What you have to do
Your task is to restate every entry below word for word and omit the images.
┄┄┄┄┄┄┄┄┄┄
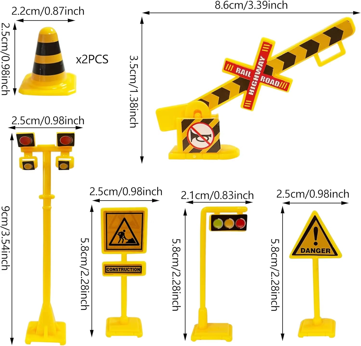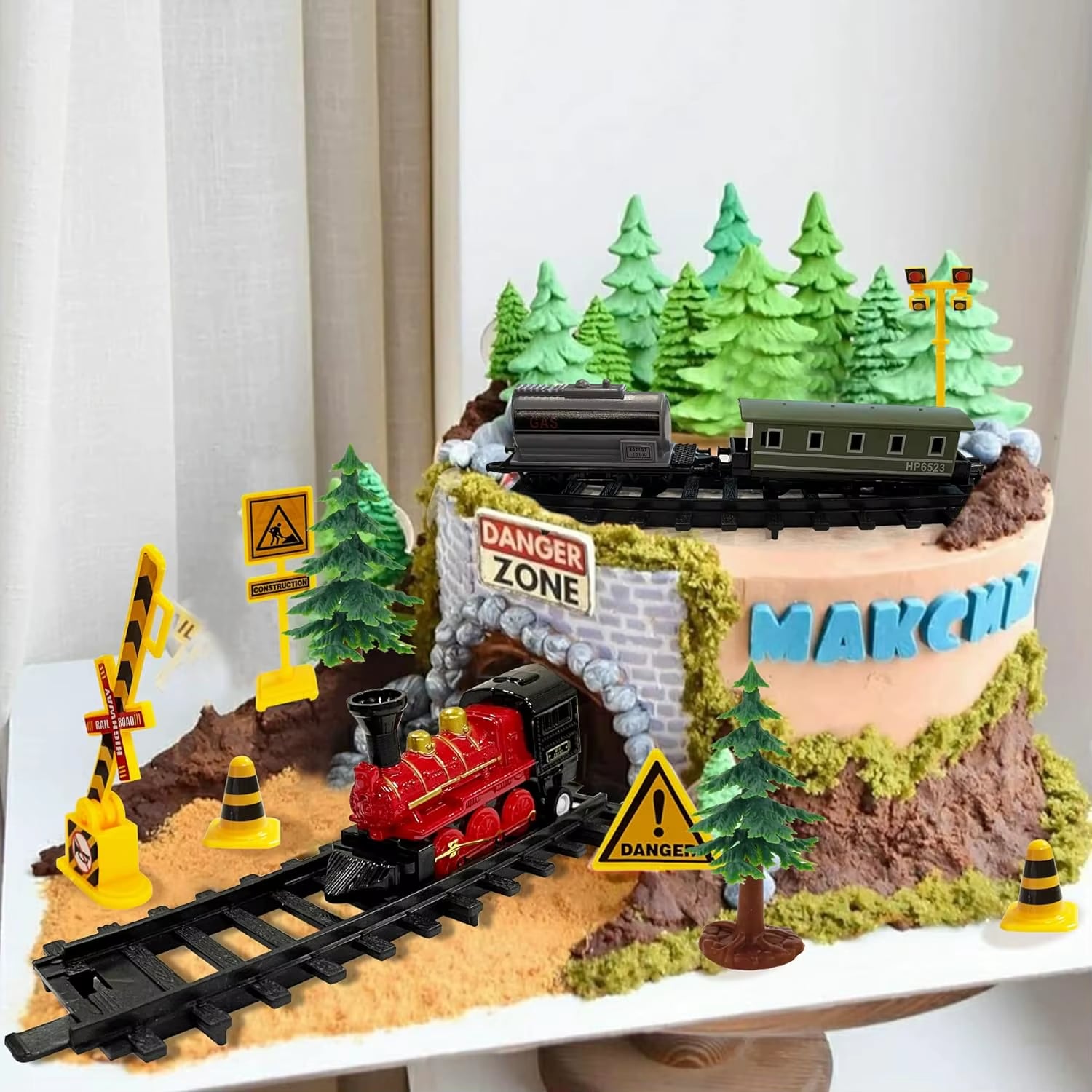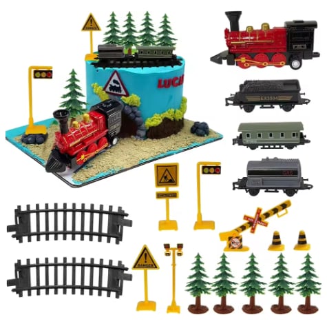 Dekorácia na tortu ktorá obsahuje vláčik, vagóny, koľajnice, dopravné značenie a stromy
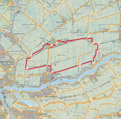 De kaart van de Krimpenerwaard voorzien van de knoopunten en een 6-tal leuke routes.
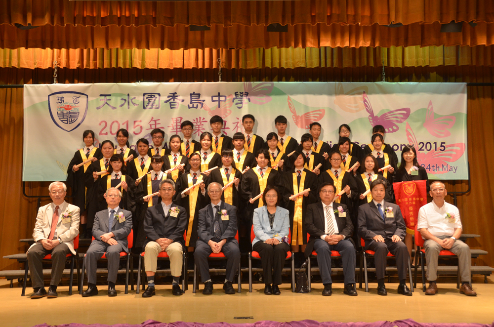 天水圍香島中學於5月24日舉行「2015年中學畢業典禮」,由香港中文大學副校長潘偉賢主禮,今年共有83名中六學生畢業。
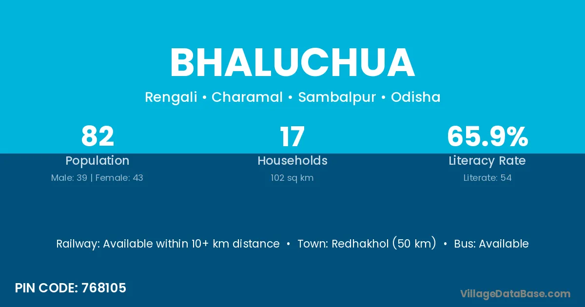 Redhakhol (50 km) is the nearest town to Bhaluchua village for major economic activities and is located approximately 50 km away.
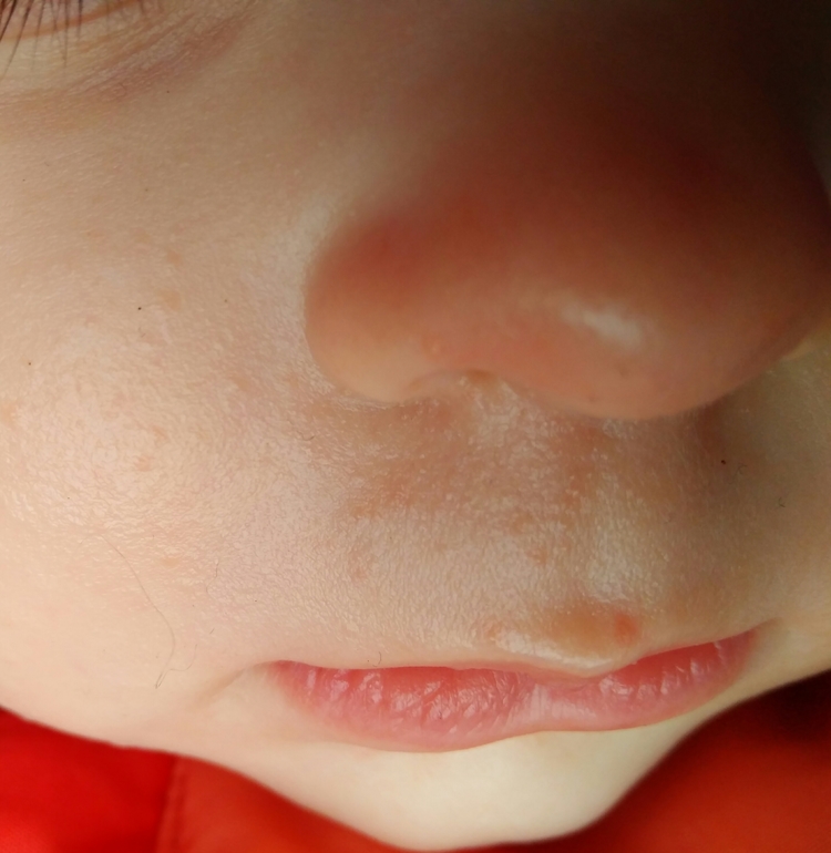 Кожные проявления АЗДевочки, привет. 1.5 месяца назад вылез атопический дерматит на ручках, спинке и груди. Высыпания прошли, я на диете.Тут ввела грушу в свой рацион (мы на ГВ) в качестве компота. Появились прыщички на лице, больше под нижней губой,но они то проходили то появлялись, я думала от слюней раздражение. Далее начала пить кальцемин, мне он не пошел, желудок заболел, бросила. Сейчас сыпи стало больше, теперь под носом еще. Как думаете это АД вернулся, теперь на лице?Фото под кат
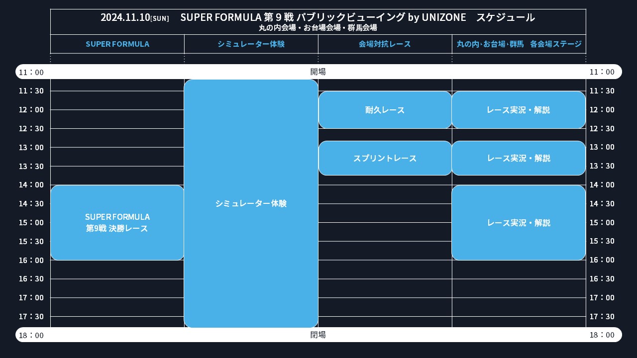 | イベント | SUPER FORMULA 第9戦 パブリックビューイング by UNIZONE |
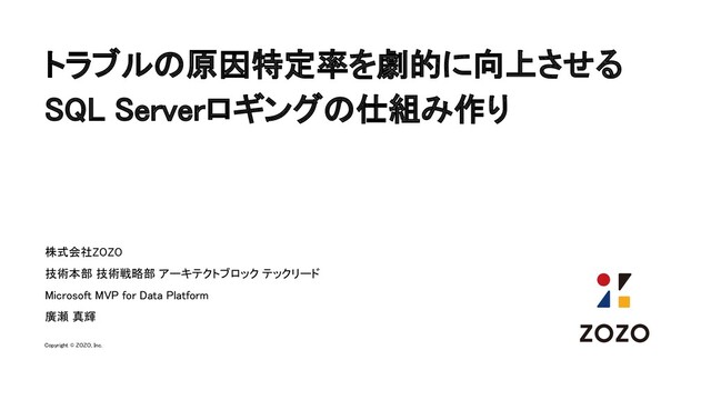 トラブルの原因特定率を劇的に向上させる SQL Serverロギングの仕組み作り 株式会社ZOZO 技術本部 技術戦略部 アーキテクトブロック テックリード Microsoft MVP
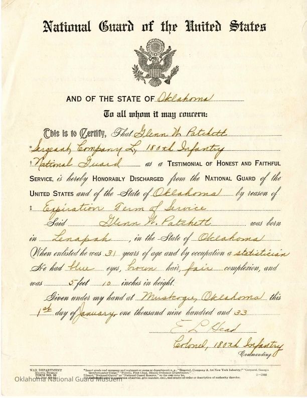 Patchett joined the Oklahoma National Guard on 1/2/1929
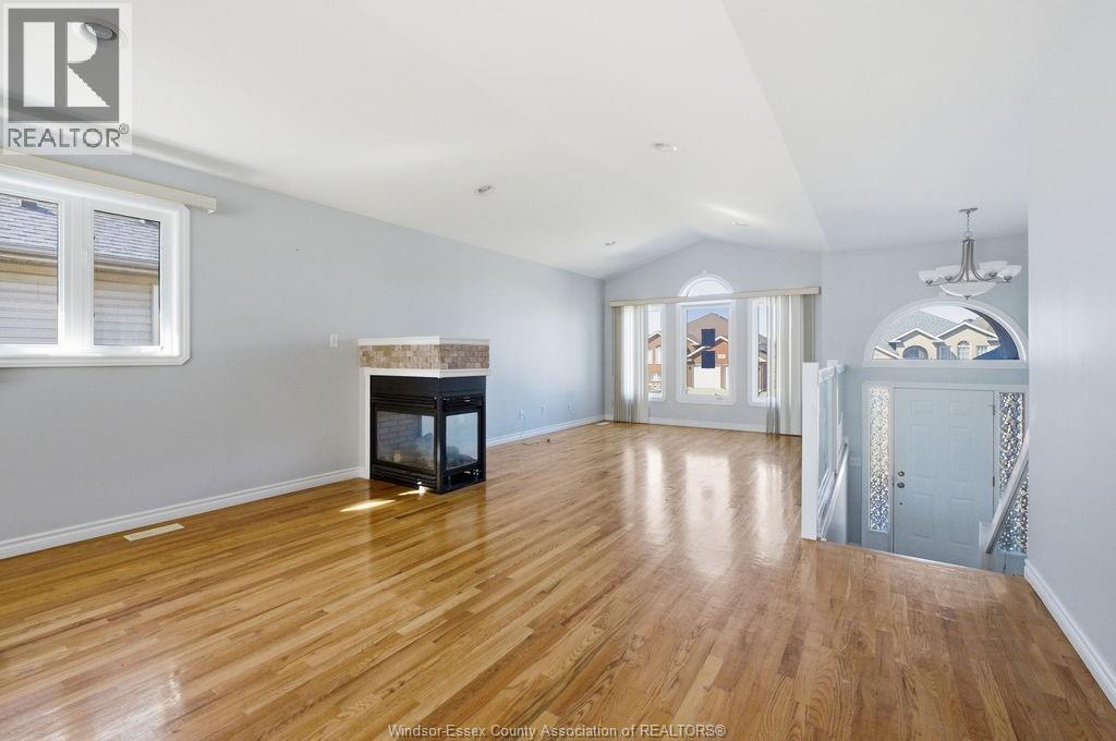 Welcome to 149 Amy Croft Drive in beautiful Lakeshore! This stunning oversized brick raised ranch offers 3+1 bedrooms, 3 full baths, cathedral ceilings, and gleaming hardwood floors. The spacious primary suite features his-and-hers closets and a private ensuite.Enjoy a fully finished open-concept basement with natural gas fireplace, plus another fireplace upstairs. Extra-wide grade entrance, double-wide concrete driveway, 2-car attached garage, fully fenced yard with deck, and concrete patio complete this gem of a home. Peaceful location on Tecumseh's outskirts—perfect for families! (id:64974)
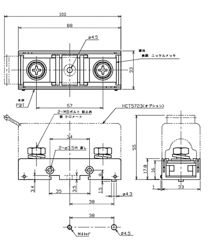 ●ホルダを使用することにより接続時や構造設計時に便利。 ●DINレール取り付けや直付けなどの取り付け方が選択可能。 ●太い配線ラクラク接続。 ●ボルト止めでガタつきの心配なし。
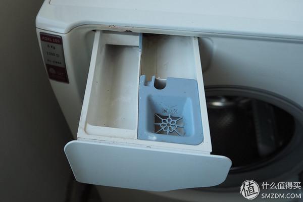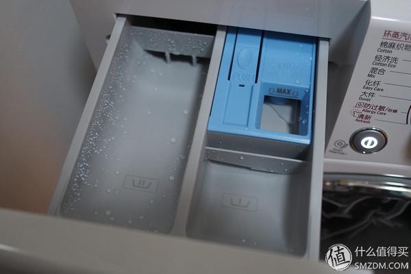 投放盒內(nèi)部,左邊是洗滌劑,右邊是預(yù)洗用的洗滌劑盒柔順劑盒,大眾化設(shè)計(jì)。
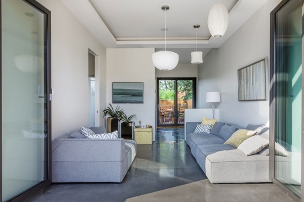 ภายในตกแต่งด้วยแบบร่วมสมัย มีความสะดวกสบาย ในโทนสีขาว เทา น้ำตาลและดำ ใช้วัสดุไม้มิกซ์เข้ากับวัสดุอื่นๆ ได้อย่างลงตัว ตกแต่งรูปแบบห้องแบบเปิดในส่วนของห้องครัว ห้องนั่งเล่น และพื้นที่รับประทานอาหาร ทำให้ภายในดูโปร่งโล่ง ไม่อึดอัด ห้องครัวกว้างขวาง เฟอร์นิเจอร์ครัวสีขาวทันสมัย ห้องนั่งเล่นขนาดใหญ่ โต๊ะรับประทานอาหารอยู่เยื้องไปในบริเวณใกล้ๆ กัน ด้านหลังมีบันไดไม้ขอบกระจกสวยโมเดิร์นเป็นเส้นทางพาขึ้นไปยังชั้นสองของบ้าน
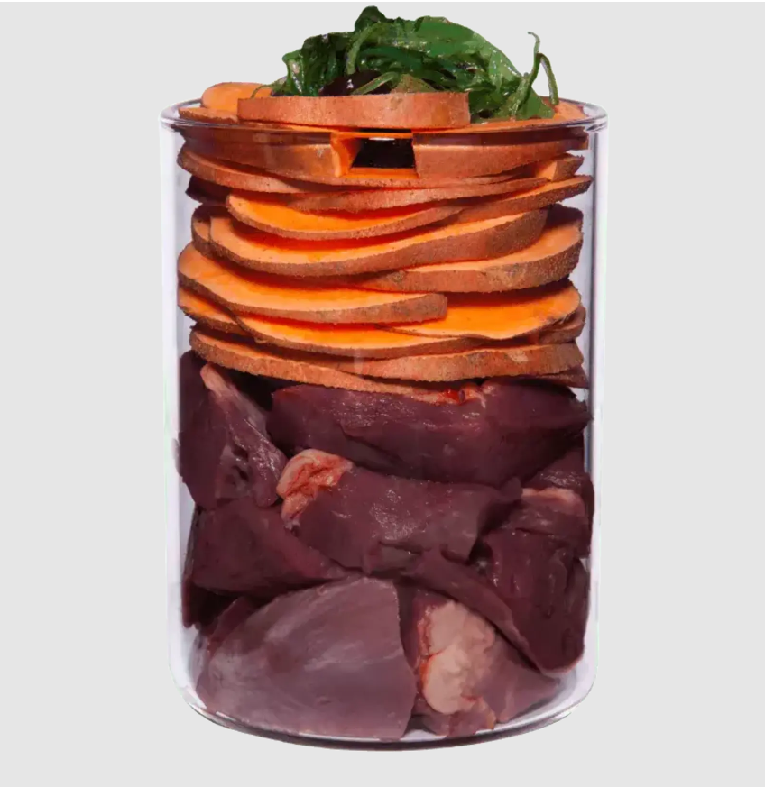Spiervlees van waterbuffel (60%), zoete aardappel (36%), koolzaadolie, zeewier*, mineralen *gedroogd
┄┄┄┄┄┄┄┄┄┄
Solution for this task
 Dekorácia na tortu ktorá obsahuje vláčik, vagóny, koľajnice, dopravné značenie a stromy
 De kaart van de Krimpenerwaard voorzien van de knoopunten en een 6-tal leuke routes.
 天水圍香島中學於5月24日舉行「2015年中學畢業典禮」,由香港中文大學副校長潘偉賢主禮,今年共有83名中六學生畢業。
 Redhakhol (50 km) is the nearest town to Bhaluchua village for major economic activities and is located approximately 50 km away.
 Кожные проявления АЗДевочки, привет. 1.5 месяца назад вылез атопический дерматит на ручках, спинке и груди. Высыпания прошли, я на диете.Тут ввела грушу в свой рацион (мы на ГВ) в качестве компота. Появились прыщички на лице, больше под нижней губой,но они то проходили то появлялись, я думала от слюней раздражение. Далее начала пить кальцемин, мне он не пошел, желудок заболел, бросила. Сейчас сыпи стало больше, теперь под носом еще. Как думаете это АД вернулся, теперь на лице?Фото под кат
 | イベント | SUPER FORMULA 第9戦 パブリックビューイング by UNIZONE |
 トラブルの原因特定率を劇的に向上させる SQL Serverロギングの仕組み作り 株式会社ZOZO 技術本部 技術戦略部 アーキテクトブロック テックリード Microsoft MVP
 Patchett joined the Oklahoma National Guard on 1/2/1929
 Welcome to 149 Amy Croft Drive in beautiful Lakeshore! This stunning oversized brick raised ranch offers 3+1 bedrooms, 3 full baths, cathedral ceilings, and gleaming hardwood floors. The spacious primary suite features his-and-hers closets and a private ensuite.Enjoy a fully finished open-concept basement with natural gas fireplace, plus another fireplace upstairs. Extra-wide grade entrance, double-wide concrete driveway, 2-car attached garage, fully fenced yard with deck, and concrete patio complete this gem of a home. Peaceful location on Tecumseh's outskirts—perfect for families! (id:64974)
 ●ホルダを使用することにより接続時や構造設計時に便利。 ●DINレール取り付けや直付けなどの取り付け方が選択可能。 ●太い配線ラクラク接続。 ●ボルト止めでガタつきの心配なし。
 投放盒內(nèi)部,左邊是洗滌劑,右邊是預(yù)洗用的洗滌劑盒柔順劑盒,大眾化設(shè)計(jì)。
 ภายในตกแต่งด้วยแบบร่วมสมัย มีความสะดวกสบาย ในโทนสีขาว เทา น้ำตาลและดำ ใช้วัสดุไม้มิกซ์เข้ากับวัสดุอื่นๆ ได้อย่างลงตัว ตกแต่งรูปแบบห้องแบบเปิดในส่วนของห้องครัว ห้องนั่งเล่น และพื้นที่รับประทานอาหาร ทำให้ภายในดูโปร่งโล่ง ไม่อึดอัด ห้องครัวกว้างขวาง เฟอร์นิเจอร์ครัวสีขาวทันสมัย ห้องนั่งเล่นขนาดใหญ่ โต๊ะรับประทานอาหารอยู่เยื้องไปในบริเวณใกล้ๆ กัน ด้านหลังมีบันไดไม้ขอบกระจกสวยโมเดิร์นเป็นเส้นทางพาขึ้นไปยังชั้นสองของบ้าน
Spiervlees van waterbuffel (60%), zoete aardappel (36%), koolzaadolie, zeewier*, mineralen *gedroogd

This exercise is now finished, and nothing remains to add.